So valued is the right to counsel in this State (N.Y.Const., art. I, § 6), it has developed independent of its Federal counterpart (U.S.Const., 6th Amdt.). Thus, we have extended the protections afforded by our State Constitution beyond those of the Federal well before certain Federal rights were recognized (e. g., Escobedo v. Illinois, 378 U.S. 478, 84 S.Ct. 1758, 12 L.Ed.2d 977; Massiah v. United States, 377 U.S. 201, 84 S.Ct. 1199, 12 L.Ed.2d 246). For example, in People v. Di Biasi, 7 N.Y.2d 544, 549-551, 200 N.Y.S.2d 21, 24-26, 166 N.E.2d 825, 827-829, we held inadmissible statements made by an indicted defendant in a capital case who had previously retained counsel, but who when questioned neither objected to such inquiries, asked to call his lawyer or requested his lawyer to be present (see, generally, 61 Colum.L.Rev. 744; 51 Cornell L.Q. 356). People v. Waterman, 9 N.Y.2d 561, 564-566, 216 N.Y.S.2d 70, 73-75, 175 N.E.2d 445, 446-448, extended the rule of Di Biasi to all postindictment interrogation in the absence of counsel regardless of the nature of the offense and irrespective of whether the defendant had actually retained counsel at the time of the interrogation. The genesis of the rule was completed after the decisions in People v. Meyer, 11 N.Y.2d 162, 164-165, 227 N.Y.S.2d 427, 428-429, 182 N.E.2d 103, 104-105 and People v. Rodriguez, 11 N.Y.2d 279, 284, 229 N.Y.S.2d 353, 355, 183 N.E.2d 651, 652, wherein it was made clear that the right to counsel attaches after indictment or arraignment and that a formal request for counsel is unnecessary for that right to attach (see, also, People v. Robinson, 13 N.Y.2d 296, 301, 246 N.Y.S.2d 623, 625, 196 N.E.2d 261, 262; People v. Gunner, 15 N.Y.2d 226, 231-232, 257 N.Y.S.2d 924, 927-929, 205 N.E.2d 852, 854-855; People v. Friedlander, 16 N.Y.2d 248, 250, 265 N.Y.S.2d 97, 98, 212 N.E.2d 533 (application of the general rule to varying factual situations); cf. People v. Blake, 35 N.Y.2d 331, 339-340, 361 N.Y.S.2d 881, 890-891, 320 N.E.2d 625, 631-632 (right to counsel attaches upon the filing of an accusatory instrument)).

In addition to their right to counsel aspect, these decisions vindicated an indicted or arraigned defendant's privilege against compulsory self incrimination. Absent the advice of an attorney, the average person, unschooled in legal intricacies, might very well unwittingly surrender this right when confronted with the coercive power of the State and its agents (see People v. Hobson, 39 N.Y.2d 479, 485, 384 N.Y.S.2d 419, 423, 348 N.E.2d 894, 898).
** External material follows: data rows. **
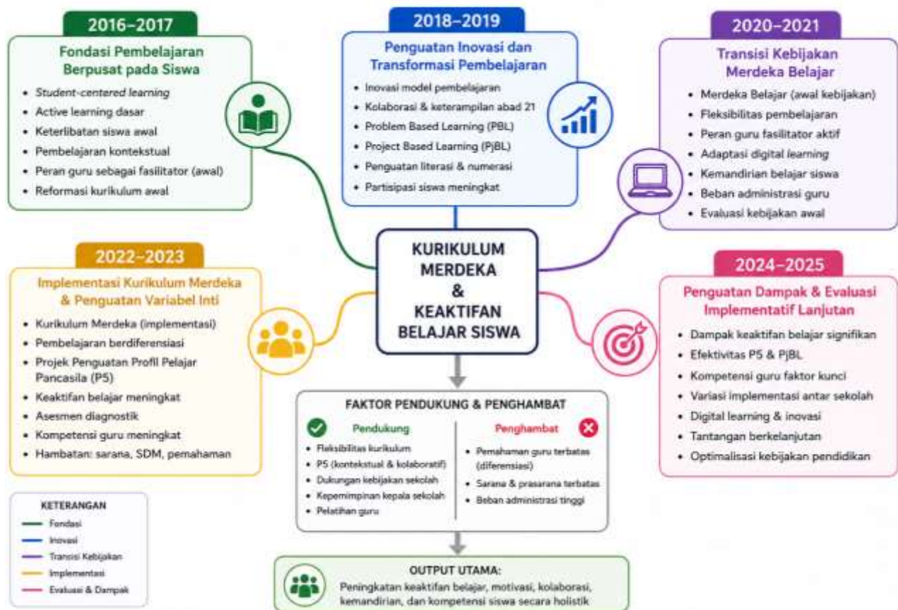
Gambar 2. Perkembangan Kurikulum Merdeka dan Hubungannya dengan Keaktifan Belajar Siswa (2016–2025)

menghadapi keterbatasan kapasitas dan sumber daya pendidikan. Berikut adalah gambaran perkembangan publikasi tentang kurikulum merdeka dan hubungannya dengan keaktifan belajar siswa pada 10 tahun terakhir (2016–2025), seperti terlihat pada Gambar 2.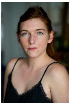
Écriture et jeu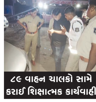
૮૯ વાહન ચાલકો સામે કડાઈ શિક્ષાત્મક કાર્યવાહી

રાજકોટ મિસ્ત્ર, તા.૧૩ રાજકોટ આરટીઓ કચેરી અને પોલીસ વિભાગ દ્વારા ગોંડલ રોડ, શાપર રોડ, કાલાવાડ રોડ ઉપર અને માલિયાસણ રોડ ઉપર અલગ અલગ દિવસોએ ડ્રાઈવરનું આયોજન કરવામાં આવેલ હતું જેમાં બંને વિભાગો સંકલનમા રહીને મોટર વાહન કાયદાનો ઉલ્લંઘન કરતા અને કબીલે લાઈટ લગાવીને ફરતા ૮૯ વાહનો ઉપર કુલ રૂ.૨૦,૫૦૦/-ના દંડ ની કાર્યવાહી કરવામાં આવેલ હતી. વાહન ચાલકો દ્વારા આરટીઓના નિયમ વિરુદ્ધ સાઉન્ડ, લાઈટ સહિતની વિવિધ એસેસરીઝ વાહનોમાં લગાવતા હોય છે અને સીનસપાટા કરતા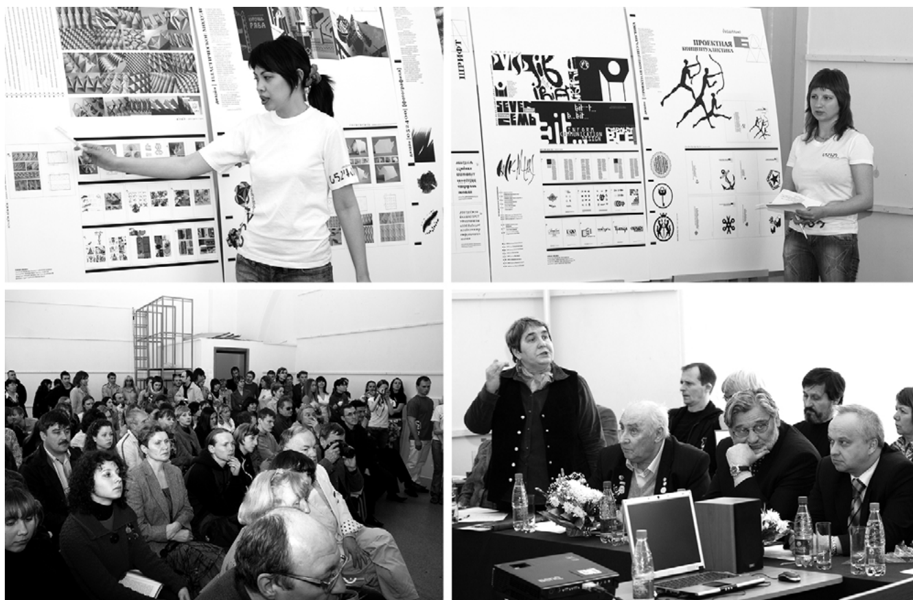
Рисунок 4. Фото с защиты дипломных проектов 2009 г.

не только формированию визуальной идентичности территории, но и осмыслению её культурной и социальной значимости.

However laudable the results of these cases may have been, the rules they enunciated operated in a rather haphazard fashion. For while they insisted that some formal procedure in addition to arrest be initiated, whether by indictment or arraignment, there was no remedy for purposely delayed arraignment and, consequently, there were no remedies to combat abuses in connection with prearraignment, preindictment interrogation (see Rothblatt & Rothblatt, Police Interrogation: Right to Counsel and Prompt Arraignment, 27 Brooklyn L.Rev. 24, 36-38). This problem was ameliorated by People v. Donovan, 13 N.Y.2d 148, 151-152, 243 N.Y.S.2d 841, 842-844, 193 N.E.2d 628, 629-630, Supra, and People v. Arthur, 22 N.Y.2d 325, 329, 292 N.Y.S.2d 663, 666, 239 N.E.2d 537, 539 which require suppression of any statements elicited from a criminal defendant represented by counsel unless the defendant has first waived his rights in the presence of his attorney (see, also, People v. Hobson, supra; People v. Townes, 41 N.Y.2d 97, 102-103, 390 N.Y.S.2d 893, 897-898, 359 N.E.2d 402, 405-407). Additionally, inasmuch as Di Biasi and its progeny arose prior to Escobedo, supra; Massiah, supra and Miranda, supra, they contained no discussion of the circumstances in which an indicted defendant could waive counsel.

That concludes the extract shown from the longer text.